Review: Correspondence, Old Red Lion

“This isn’t bunking off to Stockport, to play Laser Quest at Grand Central. This is the kind of activity that sets us apart from the dross.”

And what activity it is. Clever enough to not really need to revise for his upcoming GCSEs, 16-year-old Ben spends most of his spare time on Xbox Live but when his Syrian friend Jibreel disappears from his contact list, he decides to launch a rescue mission from his Stockport bedroom. But it’s not quite as simple as all that, Torn between squabbling divorced parents, Ben’s home life has been significantly troubled and as it is 2011, the murmurings of civil unrest abroad herald what would soon be known as the Arab Spring.

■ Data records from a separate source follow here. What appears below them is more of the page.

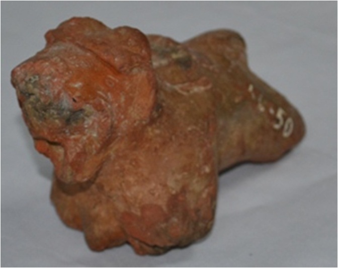 Terracotta fragment showing a tiger. Its mouth is open perhaps it was depicted in the roaring condition. At its back there are ramnent of clay mark. Most probably some god or goddess was riding over it.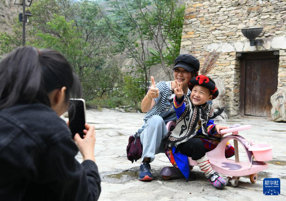 5月29日,在汶川县灞州镇联合村,游客和小耶格合影留念。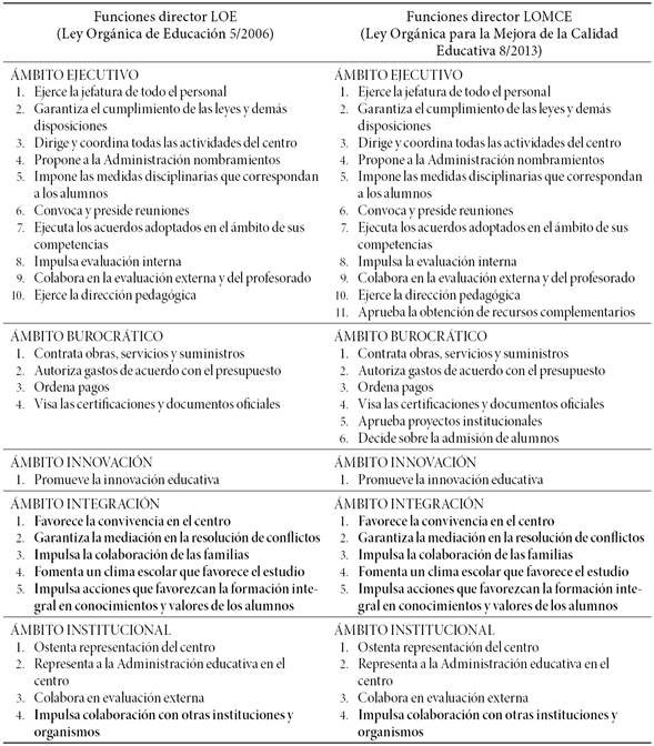 Para profundizar en el perfil de director esbozado en el marco normativo actual es necesario analizar las competencias -conjunto de conocimientos y cualidades profesionales necesarias para que un trabajador desempeñe con éxito las funciones y tareas que definen su puesto de trabajo (Karen y Vega, 2001)- y el proceso de acceso -factor que condiciona su actuación posterior-. Para tal cometido hemos realizado un análisis comparativo entre las competencias, funciones y modo de acceso a la dirección definidos en la ley anterior (LOE) y la actual (LOMCE), a partir del cual podremos observar hacia qué modelo de dirección nos han llevado.

Lucinda Burnett’s Correspondence thus straddles two immensely weighty subjects. The power and potential of mass protest in a nascent revolution and how we connect to it as global citizens, but also the complexity and cruelty of incipient psychosis and again, the difficulties it poses in connecting with others. Over a running time of just 80 minutes, the play doesn’t always manage to engage and interrogate fully the enormity of these issues, relying on a plot contrivance or two too many to convince that they’re being explored efficaciously.

Blythe Stewart’s direction realises a good deal of Burnett’s ambition, not least in emphasising the video game influences in Bethany Wells’ striking set complete with character recharge stations and the blinking lights designed by Christopher Nairne. In this world, Joe Attewell delivers a powerfully committed performance as Ben, his shifted perspective allowing him to detach from reality and begin his outlandish journey, even collecting a fellow player in the form of Jill McAusland’s gobby bully Harriet, her character progression one of the play’s strongest aspects.

But given the crowded narrative and the compressed timeframe, the rapid deterioration of Ben’s mental health doesn’t quite land with the requisite power. So much is already packed into the knotty notion of white liberal intentions interjecting into the affairs of the rest of the world, even when rooted in teenage idealism, amplified by its personalised link in Jibreel’s experience (charismatic work by Ali Ariaie), that one is left wanting greater focus from Burnett, to better showcase her undoubted talent.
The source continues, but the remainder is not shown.